▸ **TASK STATEMENT**
What you return should match the material below line for line, except that no image appears in it.

▸ **THE DATA**
________________________________________

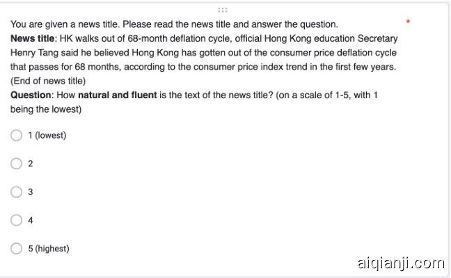 人工评估是理解自然语言处理(NLP)模型或算法性能的重要方法 (Guzmán et al., 2015; Gillick and Liu, 2010)。我们依赖人工评估是因为文本的某些方面难以通过自动评估指标来衡量,因此研究人员需要借助人类来评判NLP模型的输出质量。虽然人工评估在NLP领域普遍且不可或缺,但其不稳定性是出了名的 (Gillick and Liu, 2010; Clark et al., 2021)。Karpinska等人 (2021) 研究表明,低质量的人工评估工作会对评估结果产生不利影响,导致无法比较不同系统间的性能。可重复性是人工评估的另一个问题,因为很难招募相同的人类评估者并重新进行相同的评估。即使招募到相同的评估人员,曾经接触过该任务的评估者在下次评估时很可能会产生不同的结果,因为他们已经对该任务有所了解。虽然人工评估能更好地评估NLP系统并具有某些优于自动评估指标的优势,但其缺点使得难以可靠地评估NLP系统。
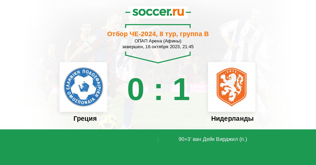 Протокол матча Греция против Нидерланды
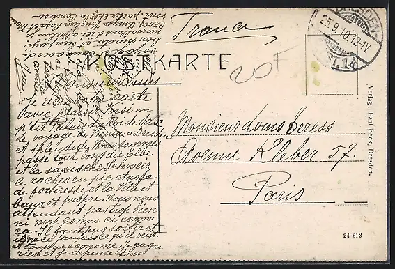 gelaufen 1910, Eckknick unten re., Stempelspur, guter Zustand
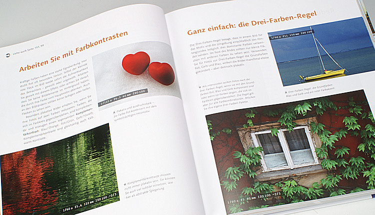 Wie sieht man fotografisch? / Gehen Sie näher heran / Achten Sie auf störende Elemente / Beziehen Sie Position / Achten Sie auf die Location / Harmonische Bilder gestalten / Benutzen Sie Ihre Fantasie / Schieflagen vermeiden / Exkurs: Mit Linien gestalten / Reine Formsache / Gleichartige Motive arrangieren / Entdecken Sie Strukturen / Fotografie abstrakt / Bunte Bilder? / Exkurs: Ein wenig Farbtheorie / Arbeiten Sie mit Farbkontrasten / Ganz einfach: die Drei-Farben-Regel / Reduzieren Sie die Farbe / Monochrome Bilder gestalten / Bilder selektiv entfärben / Farbe oder Schwarzweiss? / Für Schwarzweiss geeignete Motive / Cross-Effekte erzielen / Bildeffekte mit der Kamera / Farbe und Helligkeit als Blickfang / Zeigen Sie Grösse / Gesichter als Blickfang / Exkurs: Wählen Sie ein Bildformat / Setzen Sie Schärfe-Akzente / Exkurs: Mit Kontrasten arbeiten / Auflösung, Bildgrösse und Dateiformat

________________________________________

▸ **ANSWER SECTION**
 人工评估是理解自然语言处理(NLP)模型或算法性能的重要方法 (Guzmán et al., 2015; Gillick and Liu, 2010)。我们依赖人工评估是因为文本的某些方面难以通过自动评估指标来衡量,因此研究人员需要借助人类来评判NLP模型的输出质量。虽然人工评估在NLP领域普遍且不可或缺,但其不稳定性是出了名的 (Gillick and Liu, 2010; Clark et al., 2021)。Karpinska等人 (2021) 研究表明,低质量的人工评估工作会对评估结果产生不利影响,导致无法比较不同系统间的性能。可重复性是人工评估的另一个问题,因为很难招募相同的人类评估者并重新进行相同的评估。即使招募到相同的评估人员,曾经接触过该任务的评估者在下次评估时很可能会产生不同的结果,因为他们已经对该任务有所了解。虽然人工评估能更好地评估NLP系统并具有某些优于自动评估指标的优势,但其缺点使得难以可靠地评估NLP系统。
 Протокол матча Греция против Нидерланды
 gelaufen 1910, Eckknick unten re., Stempelspur, guter Zustand
 Wie sieht man fotografisch? / Gehen Sie näher heran / Achten Sie auf störende Elemente / Beziehen Sie Position / Achten Sie auf die Location / Harmonische Bilder gestalten / Benutzen Sie Ihre Fantasie / Schieflagen vermeiden / Exkurs: Mit Linien gestalten / Reine Formsache / Gleichartige Motive arrangieren / Entdecken Sie Strukturen / Fotografie abstrakt / Bunte Bilder? / Exkurs: Ein wenig Farbtheorie / Arbeiten Sie mit Farbkontrasten / Ganz einfach: die Drei-Farben-Regel / Reduzieren Sie die Farbe / Monochrome Bilder gestalten / Bilder selektiv entfärben / Farbe oder Schwarzweiss? / Für Schwarzweiss geeignete Motive / Cross-Effekte erzielen / Bildeffekte mit der Kamera / Farbe und Helligkeit als Blickfang / Zeigen Sie Grösse / Gesichter als Blickfang / Exkurs: Wählen Sie ein Bildformat / Setzen Sie Schärfe-Akzente / Exkurs: Mit Kontrasten arbeiten / Auflösung, Bildgrösse und Dateiformat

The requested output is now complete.